Reconstruction is based on **Takens' embedding theorem**, which states that
a scalar time series carries sufficient information to reconstruct the
full phase space of a deterministic dynamical system.

.. contents::
   :local:
   :depth: 1

Quick Start
-----------

.. code-block:: python

    from epimodels.continuous import SIR
    from epimodels.tools.phase import find_optimal_embedding, phase_portrait

    model = SIR()
    model([1000, 1, 0], [0, 100], 1001, {'beta': 0.3, 'gamma': 0.1})

    # Find optimal embedding parameters automatically
    params = find_optimal_embedding(model.traces['I'])
    print(f"Optimal tau={params['tau']}, dim={params['dim']}")
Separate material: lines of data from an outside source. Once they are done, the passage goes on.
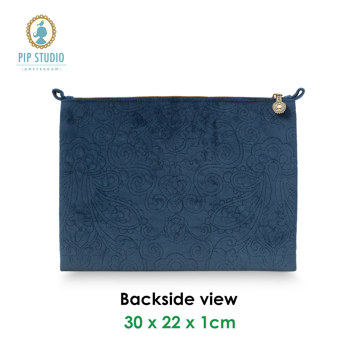 PIP Studio Velvet Quilted Dark Blue Large Cosmetic Flat Pouch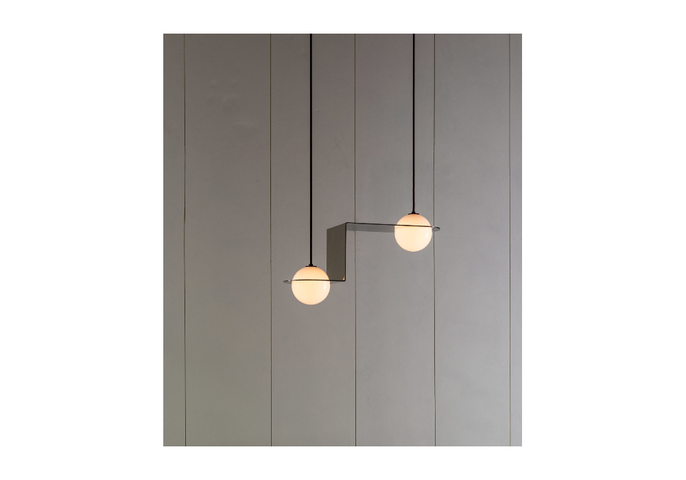 Laurent 06 von Guillaume Sasseville für Lambert & Fils entworfen, ist eine LED-Pendelleuchte. Die Struktur besteht aus pulverbeschichtetem Aluminium oder Messing und einer Kugel aus mundgeblasenem Opalglas. Erhältlich in verschiedenen Ausführungen.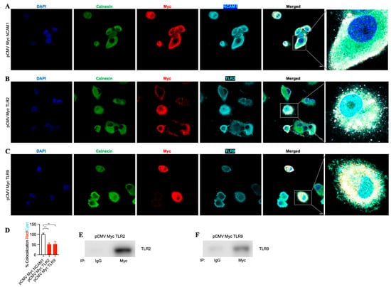 To evaluate the binding of TLR2 and TLR9 intrabodies to their respective target proteins and their ER retention, we performed immunostaining for the intrabodies, target protein, and Calnexin (ER marker). We found colocalization of these three proteins, indicating their binding (Figure 4A–C). Quantitation of the colocalization of Myc with their respective antigens (TLR2 and TLR9) showed at least 50% colocalization (Figure 4D) compared to NCAM1. Next, to confirm the binding of the TLR2 and TLR9 intrabodies to their target proteins, we employed an immunoprecipitation assay to pull down the bound complex using an the anti-Myc antibody, and our results showed a significant binding of TLR2 or TLR9 protein with intrabodies as compared to IgG (Figure 4E,F). Thus, these results show the binding of TLR2 and TLR9 intrabodies to their respective protein with a significantly inhibiting TLR function by their ER retention.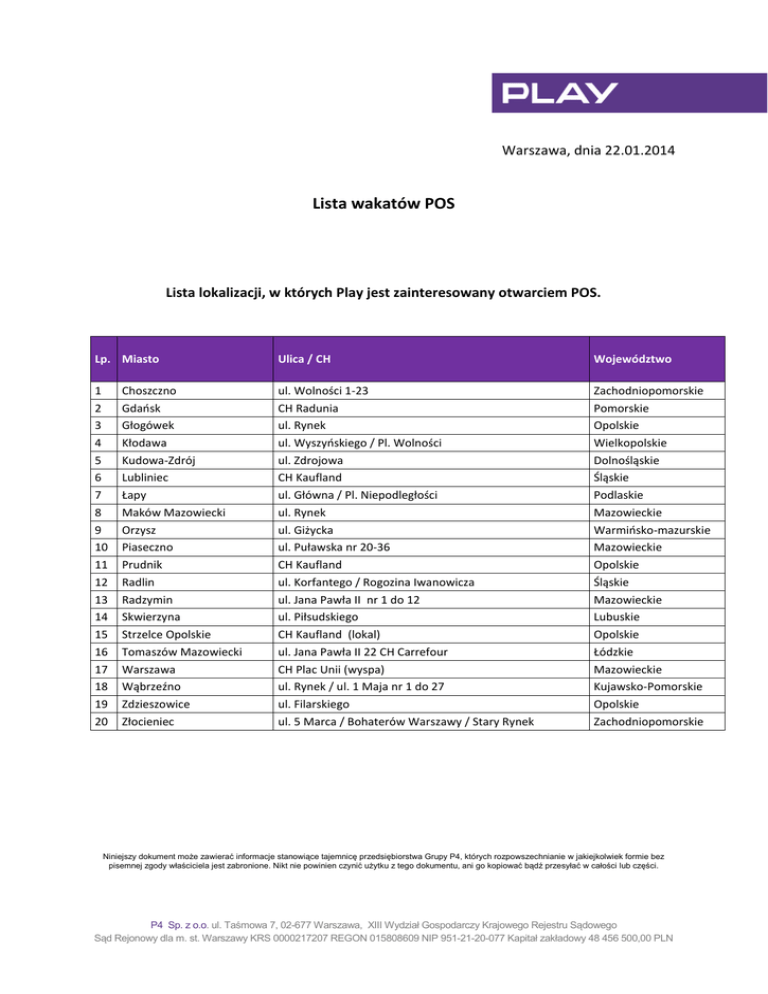 Warszawa, dnia 22.01.2014 Lista wakatów POS Lista lokalizacji, w których Play jest zainteresowany otwarciem POS. Lp. Miasto Ulica / CH Województwo 1 2 3 4 5 6 7 8 9 10 11 12 13 14 15 16 17 18 19 20 ul. Wolności 1-23 CH Radunia ul. Rynek ul. Wyszyńskiego / Pl. Wolności ul. Zdrojowa CH Kaufland ul. Główna / Pl. Niepodległości ul. Rynek ul. Giżycka ul. Puławska nr 20-36 CH Kaufland ul. Korfantego / Rogozina Iwanowicza ul. Jana Pawła II nr 1 do 12 ul. Piłsudskiego CH Kaufland (lokal) ul. Jana Pawła II 22 CH Carrefour CH Plac Unii (wyspa) ul. Rynek / ul. 1 Maja nr 1 do 27 ul. Filarskiego ul. 5 Marca / Bohaterów Warszawy / Stary Rynek Zachodniopomorskie Pomorskie Opolskie Wielkopolskie Dolnośląskie Śląskie Podlaskie Mazowieckie Warmińsko-mazurskie Mazowieckie Opolskie Śląskie Mazowieckie Lubuskie Opolskie Łódzkie Mazowieckie Kujawsko-Pomorskie Opolskie Zachodniopomorskie Choszczno Gdańsk Głogówek Kłodawa Kudowa-Zdrój Lubliniec Łapy Maków Mazowiecki Orzysz Piaseczno Prudnik Radlin Radzymin Skwierzyna Strzelce Opolskie Tomaszów Mazowiecki Warszawa Wąbrzeźno Zdzieszowice Złocieniec Niniejszy dokument może zawierać informacje stanowiące tajemnicę przedsiębiorstwa Grupy P4, których rozpowszechnianie w jakiejkolwiek formie bez pisemnej zgody właściciela jest zabronione. Nikt nie powinien czynić użytku z tego dokumentu, ani go kopiować bądź przesyłać w całości lub części. P4 Sp. z o.o. ul. Taśmowa 7, 02-677 Warszawa, XIII Wydział Gospodarczy Krajowego Rejestru Sądowego Sąd Rejonowy dla m. st. Warszawy KRS 0000217207 REGON 015808609 NIP 951-21-20-077 Kapitał zakładowy 48 456 500,00 PLN

    # Plot a phase portrait
    phase_portrait(model.traces['S'], model.traces['I'])

Time Delay Embedding
--------------------

:class:`~epimodels.tools.phase.TimeDelayEmbedding` implements Takens'
embedding theorem for reconstructing the phase space from a scalar time
series.

.. code-block:: python

    from epimodels.tools.phase import TimeDelayEmbedding
    import numpy as np

    t = np.linspace(0, 10, 1000)
    data = np.sin(t) + 0.1 * np.random.randn(1000)

    embedding = TimeDelayEmbedding(data, tau=10, dim=3)
    embedded = embedding.embed()  # shape: (n_samples, 3)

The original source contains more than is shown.